Provided records
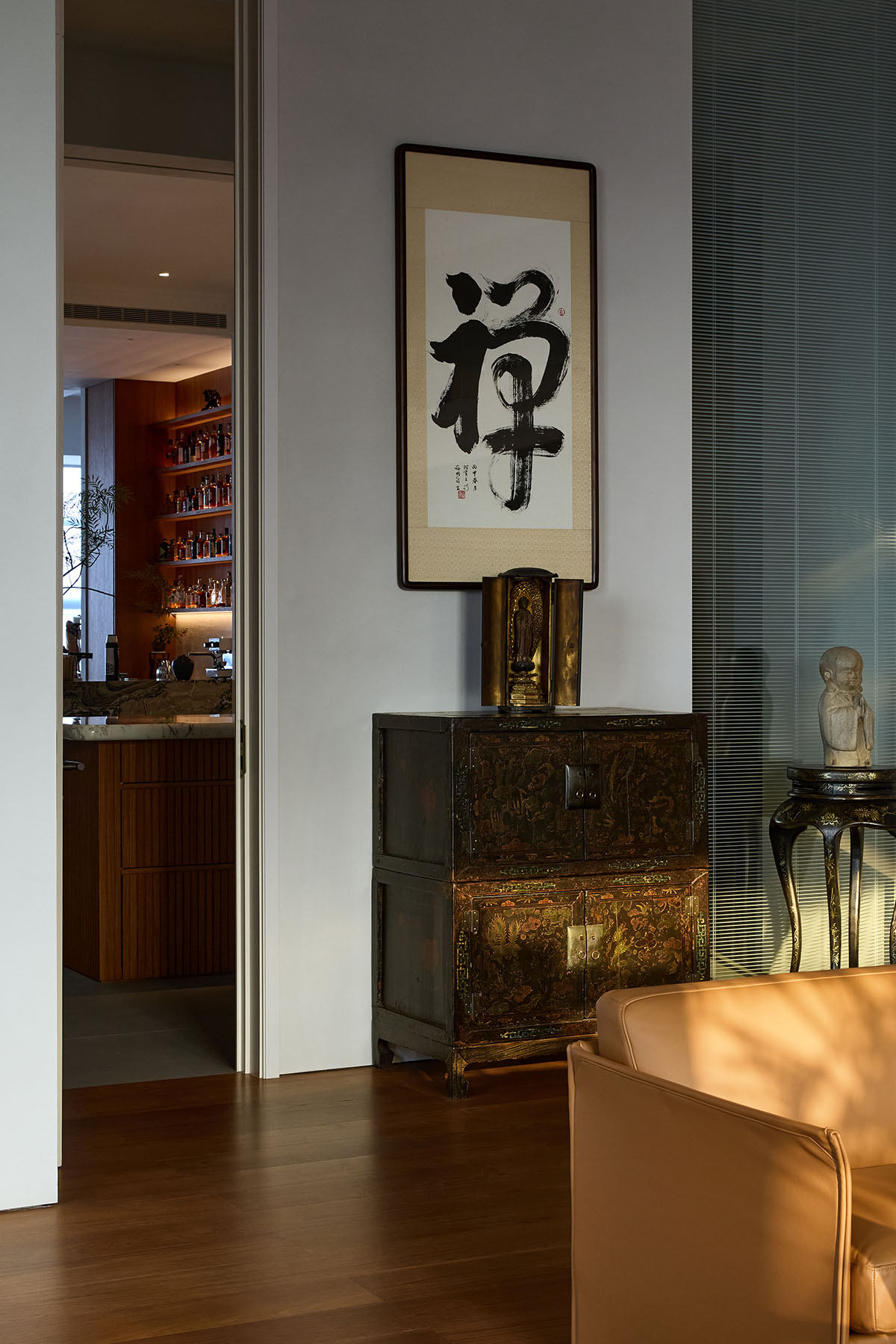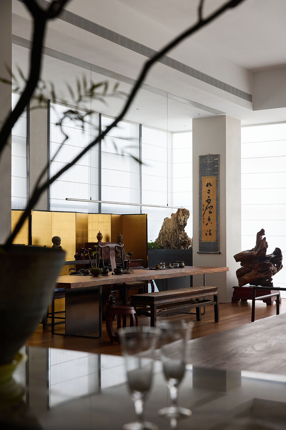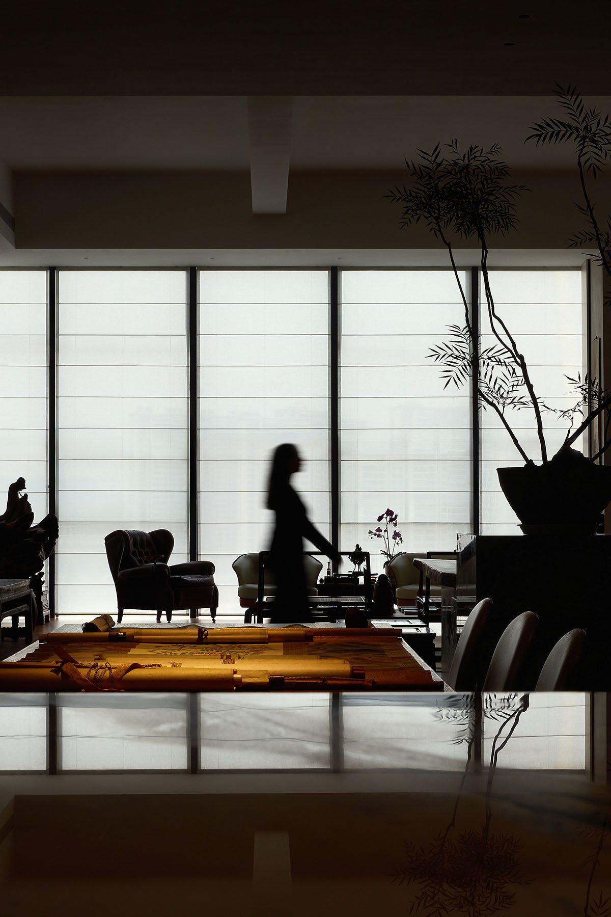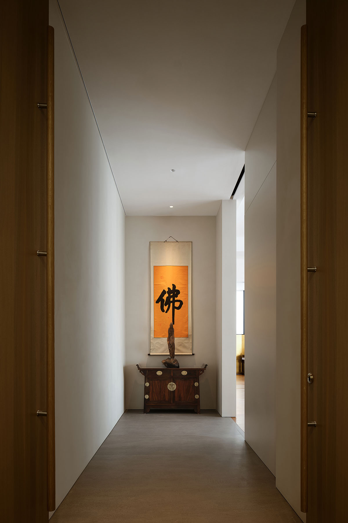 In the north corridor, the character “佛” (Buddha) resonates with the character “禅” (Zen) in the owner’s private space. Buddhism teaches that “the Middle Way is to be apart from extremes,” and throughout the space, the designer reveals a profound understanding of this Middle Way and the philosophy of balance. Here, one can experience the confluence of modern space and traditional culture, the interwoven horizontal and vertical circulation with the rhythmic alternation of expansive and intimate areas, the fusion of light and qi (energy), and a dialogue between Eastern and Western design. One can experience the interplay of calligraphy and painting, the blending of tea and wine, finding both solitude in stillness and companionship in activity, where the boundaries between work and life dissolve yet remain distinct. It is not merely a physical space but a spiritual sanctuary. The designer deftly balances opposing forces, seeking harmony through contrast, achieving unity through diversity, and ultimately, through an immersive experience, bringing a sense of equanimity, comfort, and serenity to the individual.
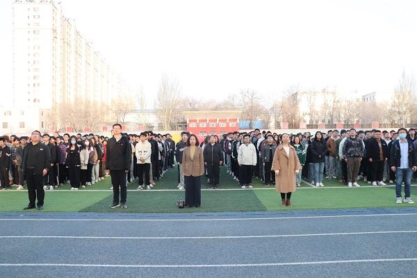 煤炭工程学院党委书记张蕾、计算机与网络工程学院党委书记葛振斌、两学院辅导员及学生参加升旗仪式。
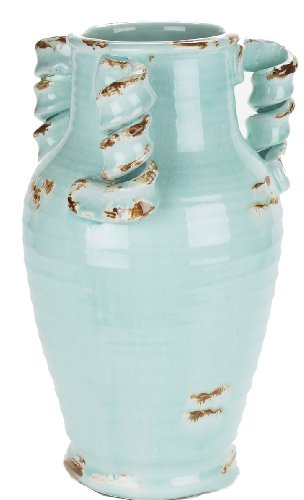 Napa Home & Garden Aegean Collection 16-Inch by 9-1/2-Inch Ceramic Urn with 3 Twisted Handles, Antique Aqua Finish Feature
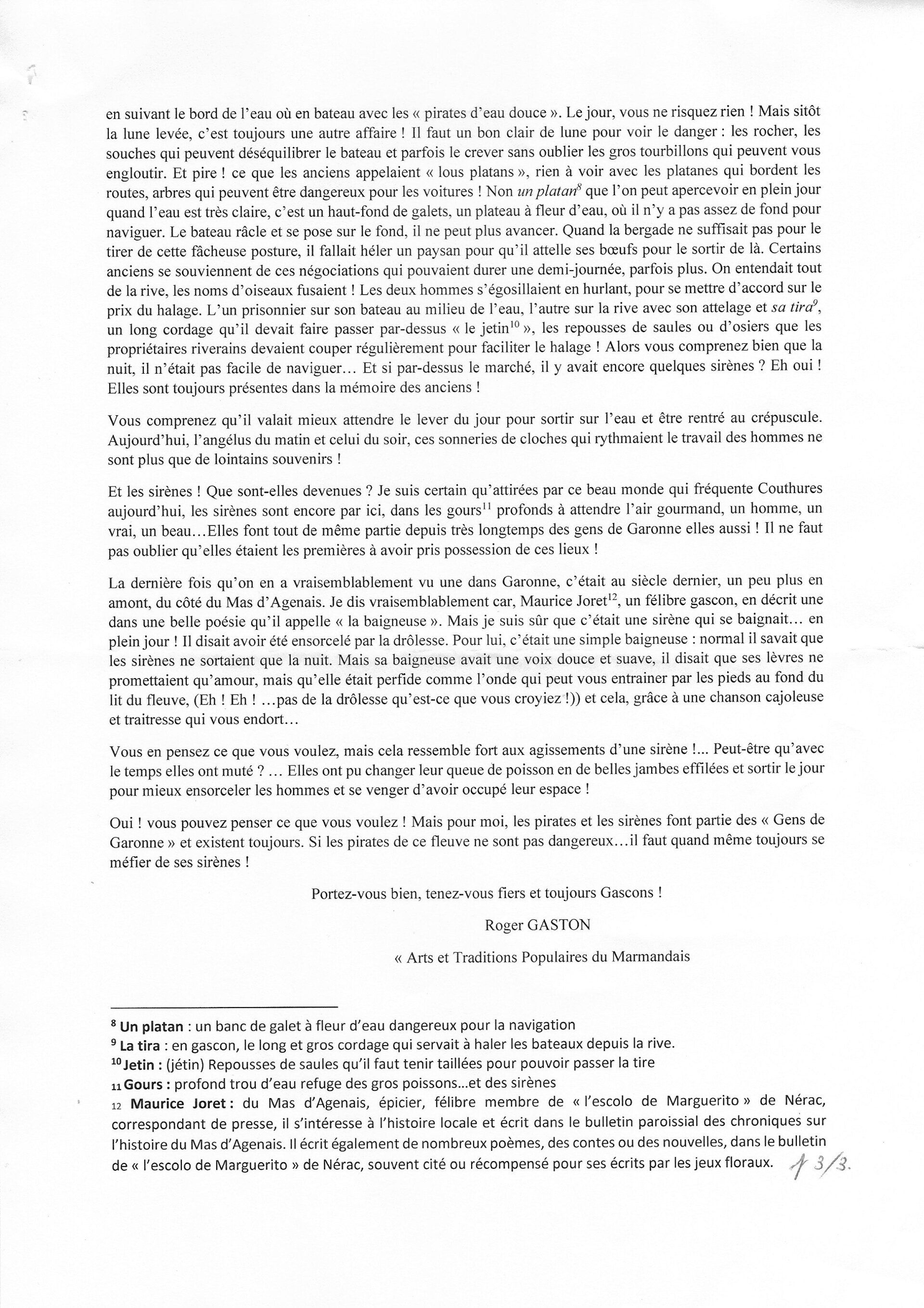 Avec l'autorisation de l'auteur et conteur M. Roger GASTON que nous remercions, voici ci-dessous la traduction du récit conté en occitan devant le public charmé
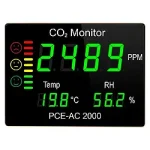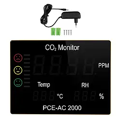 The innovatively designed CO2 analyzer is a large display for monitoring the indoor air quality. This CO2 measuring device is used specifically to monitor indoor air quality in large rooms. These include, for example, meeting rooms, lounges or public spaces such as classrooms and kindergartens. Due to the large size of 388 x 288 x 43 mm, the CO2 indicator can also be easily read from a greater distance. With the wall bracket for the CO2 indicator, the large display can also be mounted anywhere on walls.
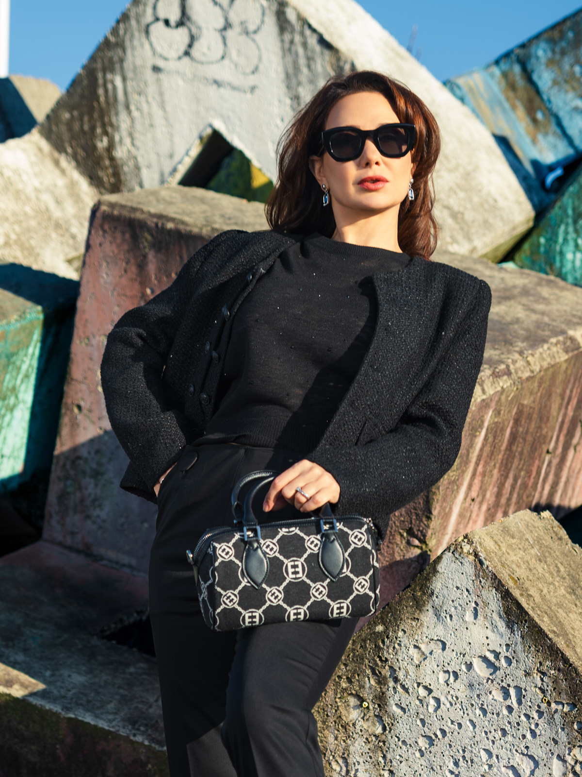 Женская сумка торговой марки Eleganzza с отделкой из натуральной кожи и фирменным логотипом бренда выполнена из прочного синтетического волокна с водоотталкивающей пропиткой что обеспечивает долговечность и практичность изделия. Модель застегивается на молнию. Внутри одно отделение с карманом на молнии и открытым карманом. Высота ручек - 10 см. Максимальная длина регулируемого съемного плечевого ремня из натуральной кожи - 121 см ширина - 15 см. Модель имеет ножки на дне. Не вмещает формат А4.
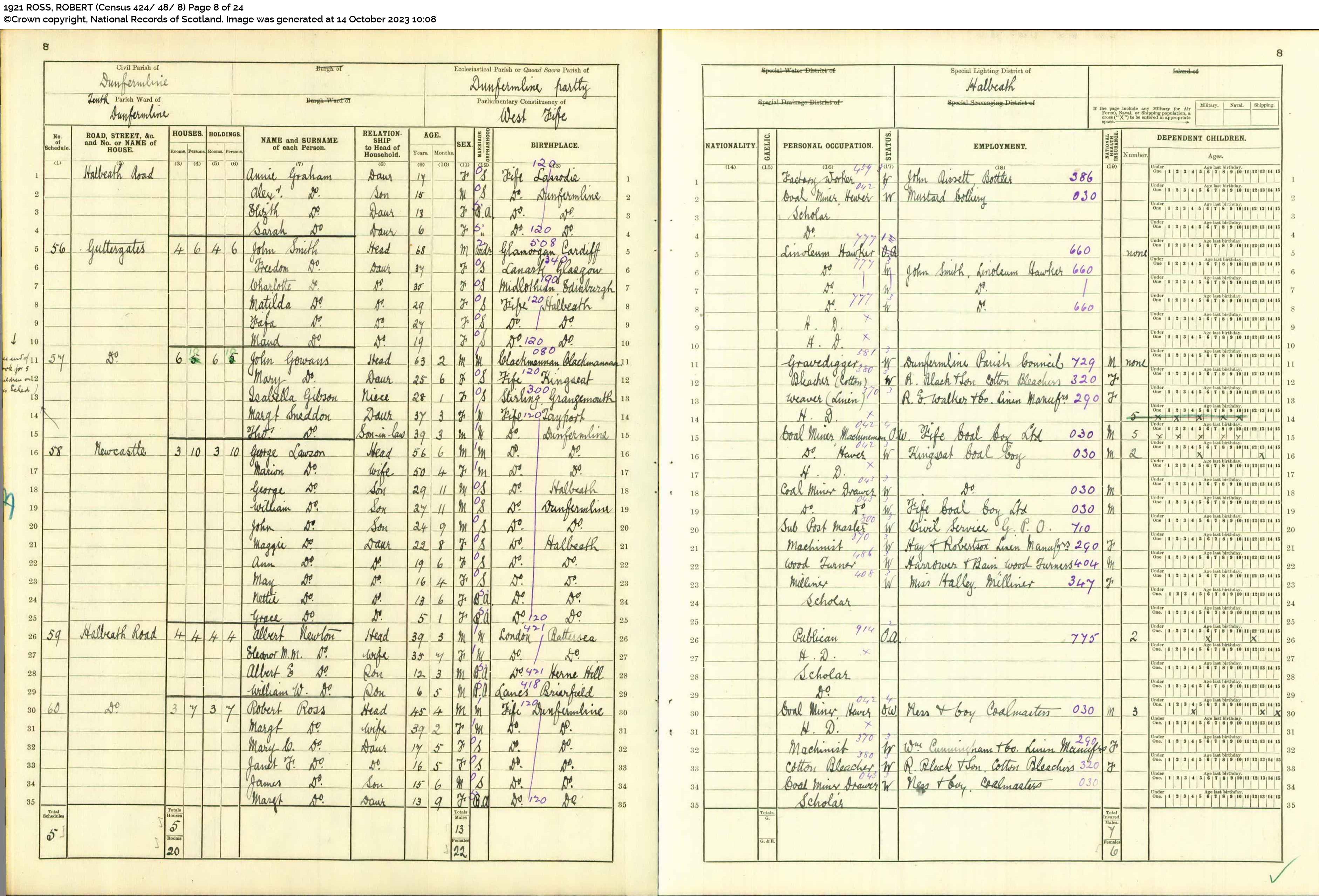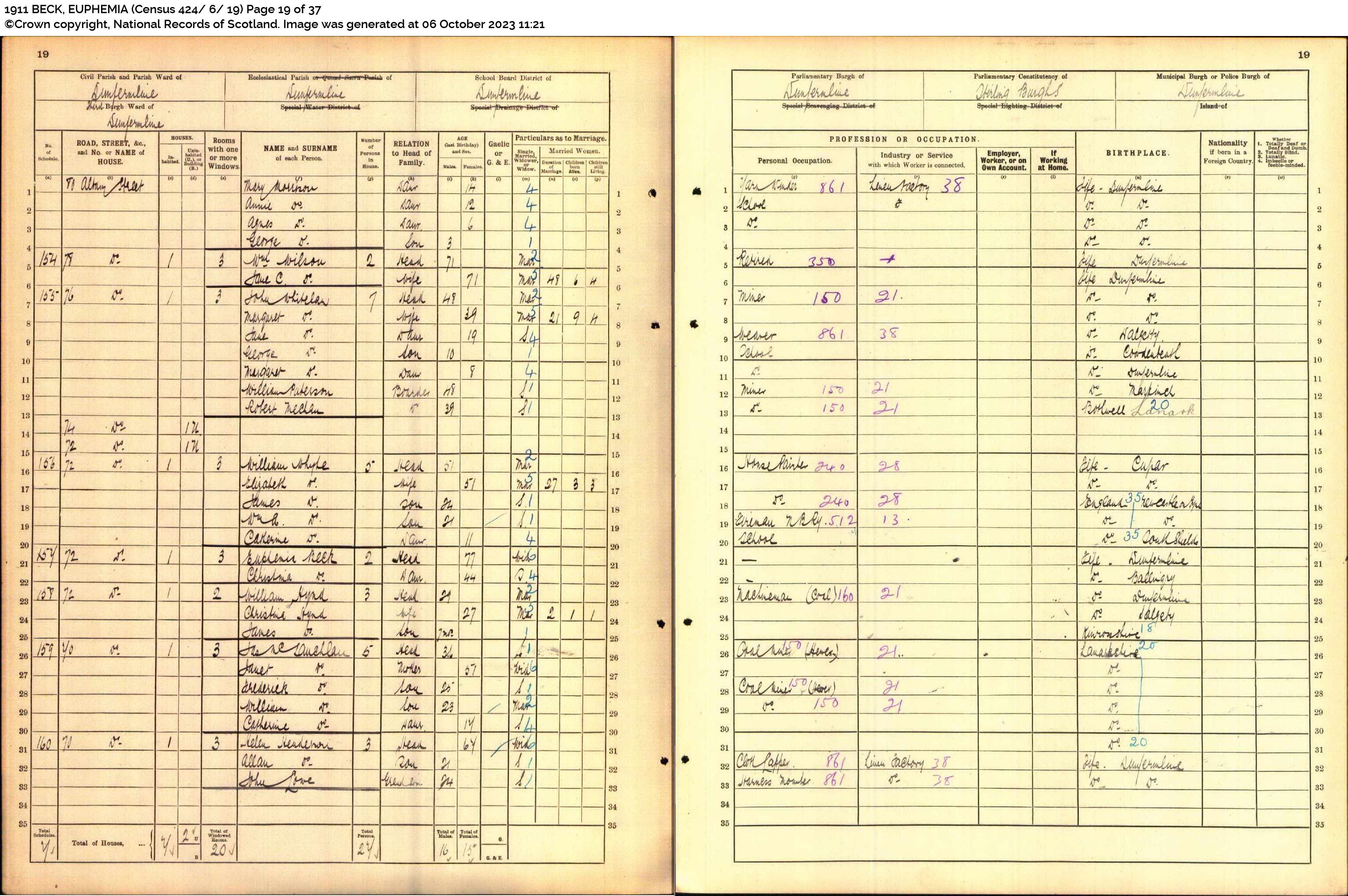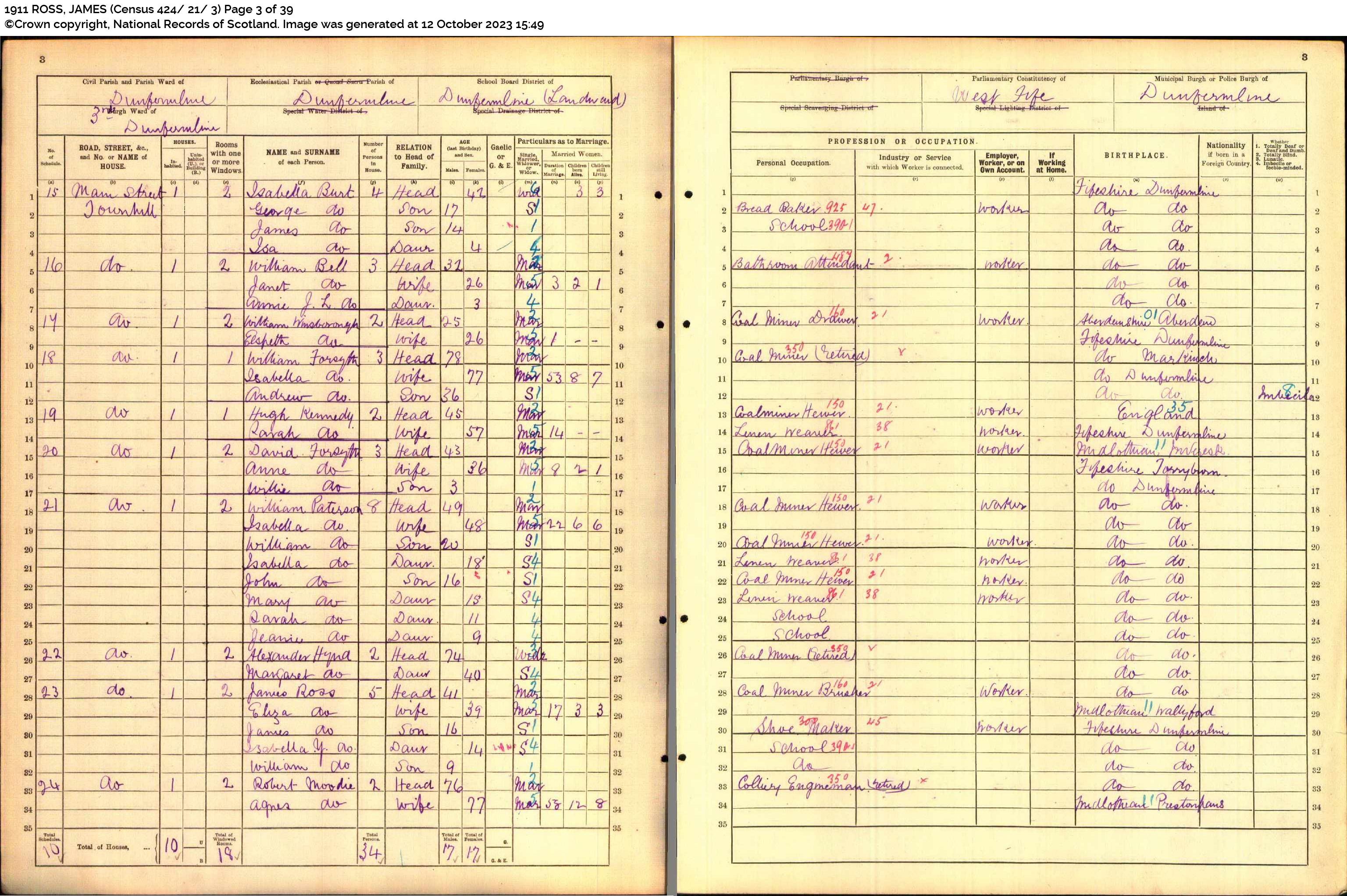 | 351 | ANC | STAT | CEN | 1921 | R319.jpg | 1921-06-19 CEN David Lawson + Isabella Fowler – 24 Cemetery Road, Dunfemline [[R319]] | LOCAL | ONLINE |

Problem to solve
The answer must be an exact transcription of the lines from the one holding "Avec l'autorisation de" to the last line of the entries above, with no pictures and nothing else.

Answer to this problem
 Avec l'autorisation de l'auteur et conteur M. Roger GASTON que nous remercions, voici ci-dessous la traduction du récit conté en occitan devant le public charmé
 The innovatively designed CO2 analyzer is a large display for monitoring the indoor air quality. This CO2 measuring device is used specifically to monitor indoor air quality in large rooms. These include, for example, meeting rooms, lounges or public spaces such as classrooms and kindergartens. Due to the large size of 388 x 288 x 43 mm, the CO2 indicator can also be easily read from a greater distance. With the wall bracket for the CO2 indicator, the large display can also be mounted anywhere on walls.
 Женская сумка торговой марки Eleganzza с отделкой из натуральной кожи и фирменным логотипом бренда выполнена из прочного синтетического волокна с водоотталкивающей пропиткой что обеспечивает долговечность и практичность изделия. Модель застегивается на молнию. Внутри одно отделение с карманом на молнии и открытым карманом. Высота ручек - 10 см. Максимальная длина регулируемого съемного плечевого ремня из натуральной кожи - 121 см ширина - 15 см. Модель имеет ножки на дне. Не вмещает формат А4.
 | 351 | ANC | STAT | CEN | 1921 | R319.jpg | 1921-06-19 CEN David Lawson + Isabella Fowler – 24 Cemetery Road, Dunfemline [[R319]] | LOCAL | ONLINE |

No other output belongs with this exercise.